- Born: Dallas, Texas^{[citation needed]}
- Education: Texas A&M University
- Occupations: Photographer and portraitist
- Website: randalford.art www.randalford.com

= Randal Ford =

American photographer

Randal Ford is an American photographer and portraitist notable for his work The Animal Kingdom, as well as his photography for Texas Monthly. Based in Austin, his work has been featured in TIME Magazine, Texas Monthly, and Communication Arts. In contrast to other photographers and institutions that capture images of animals, Randal Ford's work seeks to photograph animals in studio to give the impression that "the animals are introducing themselves." Other works include The Amazing Faith of Texas, Good Dog, and Farm Life (2024).

== Early life ==
Randal Ford grew up in Dallas, where he attended Highland Park High School. He graduated from Texas A&M University, where he studied business and dabbled in photography through shooting for the student newspaper. While studying at the university, Ford was influenced by Richard Avedon's work, In the American West, "that captured the spirit of place through people Avedon encountered at slaughterhouses, ranches, and state fairs."

== Career ==
Randal Ford began his animal photography series with a photoshoot in a rural area of Texas, near the city of Waco, that highlighted farm life. His photographs of cows were featured in Dairy Today. Inspired by Richard Avedon, Randal Ford uses the aesthetic promulgated In the American West, making "Head-on portraits with a no-frills sensibility", except centered on animals, rather than on persons. Ford, in explaining his reasoning in photographing animals, stated:

Over 40,000 years ago, we began to depict animals in cave drawings. Throughout history, mankind’s consistent portrayal of animals in art is a testament to the importance of our connection with the animal kingdom. As mankind evolved, so did our artwork. We began to not only depict, but personify animals. We began to see our human emotions in animals. This anthropomorphism or personification connected us to animals on a deeper and more emotional level. This collection is my perspective and portrayal of the animal kingdom. As a portrait photographer, my intention is for these animal portraits to speak to you. What they say depends on the conscious and subconscious feelings you embody. By photographing each subject in studio on a neutral background, I am creating a portrait that is focused on the animal only. This deconstructive approach to portraiture allows you to experience the creature in a way otherwise not possible. Through this language of simplistic portraiture, these photographs are aimed to elicit an emotion in you. Whether it’s beauty, power, or humor, I want to give animals the opportunity to tell their story and to connect with you.

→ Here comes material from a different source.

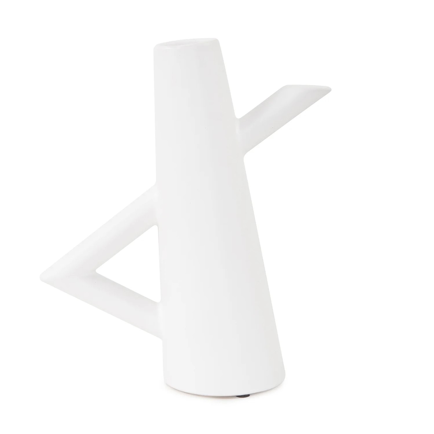 [0] => Inspired by Scandinavian design, the White Ceramic Vase I is both minimalist and utterly unique. What would otherwise be a simple tapered vase receives a dramatic twist in the form of an angular element that appears to cut through its center. Fill with flowers or display with other vases in the same collection for an audaciously modern accent.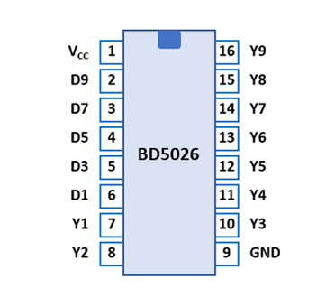 The BD5026 uses a standard 0.3 wide 16-pin DIP (Dual In-line Package with a 0.1 / 2.54 mm lead pitch).

The Animal Kingdom took two years to complete, with Randal Ford spending time on both commercial and editorial photography. The animals featured in the work were sometimes obtained from Hollywood Animals and Cat Haven; the photoshoots themselves were done using a professional-grade Nikon D850. The one hundred and fifty animals that Ford captured for this project included a brown goat, mountain lion, bull, duck, chimpanzee, skunk, peacock, cheetah, great horned owl, two-toed sloth, African elephant and American buffalo, among others. The Animal Kingdom placed number one in the International Photo Awards competition in 2017. The Animal Kingdom: A Collection of Portraits is published by Rizzoli and Funds collected from purchases of The Animal Kingdom are dispatched to Project Survival’s Cat Haven, a park engaged in the preservation of wild cats.

Randal Ford has photographically recreated covers for L.L.Bean, including antique covers, as well as vintage illustrations, for modern use.

The cover story of the August 2013 issue of TIME Magazine discussed "the growing trend of childless couples in America" and its illustrations were photographed by Randal Ford, who stated that his "goal for the cover was to show two people as a family unit". He similarly recreated the 1961 cover for Field & Stream. Ford has shot more than twenty covers for the Texas Monthly magazine.

Randal Ford's portraits formed the basis for the book The Amazing Faith of Texas, a survey of the various faiths followed by the residents of the American state of Texas. The book was published by the University of Texas Press.

In 2020, Randal Ford authored Good Dog, which included 150 portraits of canines. These animals were photographed over a period of six weeks in Austin, Dallas, and Los Angeles. The publication of Farm Life in 2024 was done through moving farm animals into a mobile studio, which traveled across the United States.

== Books ==
- The Amazing Faith of Texas (2006)
- The Animal Kingdom (2018)
- Good Dog (2020)
- Farm Life: A Collection of Animal Portraits (2024)

== Charity ==
Through the publication of his books, Ford has contributed to philanthropic endeavors. Portions from the proceeds of Good Dog were contributed to Emancipet, a nonprofit aimed at making veterinary care accessible to pet owners. When Farm Life was published in 2024, funds from the purchases were donated to the Dell Children’s Foundation in Austin, Texas.